Once upon a time when I was a small child I got a haircut. It went from from rather long (and stringy, according to my mother) to pretty short. The second the lady was finished, I stood up from the chair, looked in the mirror, and said, "OK, I want it long now."
That's how I feel about winter right now. The ice is frickin' treacherous, as I rediscovered the hard way yesterday. To compound it , it's a three day weekend, so most of the university is closed, including the coffee places (which shouldn't bother me so much, but it does). The buses don't run as regularly, everyone leaves town, the people that stay in town all live down hills so I'd have trouble getting there normally, and I'm still a little nervous to test this leg, so I can't really go anywhere or see them.
And my roommate is annoying the hell out of me, but I shouldn't discuss that here. But I'm spending as little time on my room as possible these days, since she never leaves. As such, I'm sitting in the library and complaining (like I said I'd never do) in my blog.

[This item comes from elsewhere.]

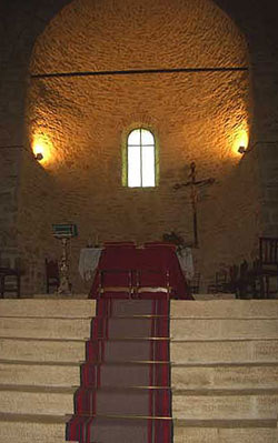Nell’abside centrale, costruita in maniera mirabile fra le più belle e grandi del periodo romanico, si apre una finestra senza strombatura il cui arco di protezione è costruito con piccoli cunei di pietra e cotto alternati.
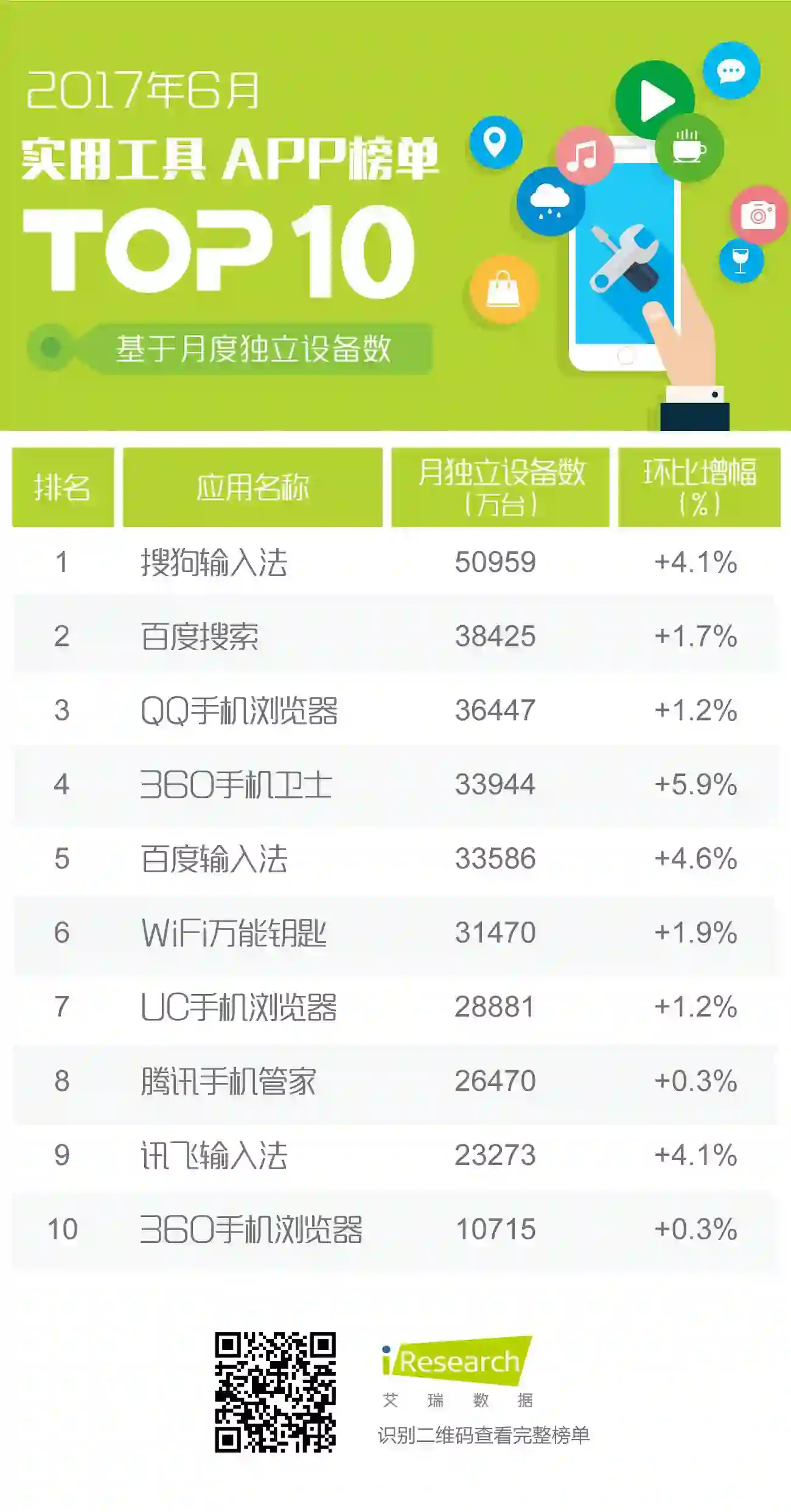 与五月比,实用工具类TOP10成员不变,共计包括3个输入法、3个浏览器、2个安全工具、1个搜索引擎以及1个WiFi工具,其中,搜狗输入法仍为领军者。输入法中,搜狗、百度和讯飞月独立设备数的增长率均超过4%,整体增势较快;浏览器中,QQ和UC手机浏览器的增长率均为1.2%,360手机浏览器的增长率则相对较低;安全工具中,得益于前段时间在勒索病毒爆发事件中的快速反应,360手机卫士月独立设备数涨势迅猛,达到5.9%。

Anyway, I'd like it to be spring again. Last spring was pretty rough, so all the sunshine and warm days were kind of joyless, and now that I'm back to normal, winter is getting me down. I wish my friends were either still in town or closer by so that I could go talk to them. But even around them I don't want to talk about it because people have bigger problems and don't need to here about my menial "problems."
Sorry to whine. I'm just frustrated today. I want some coffee and someone to talk to.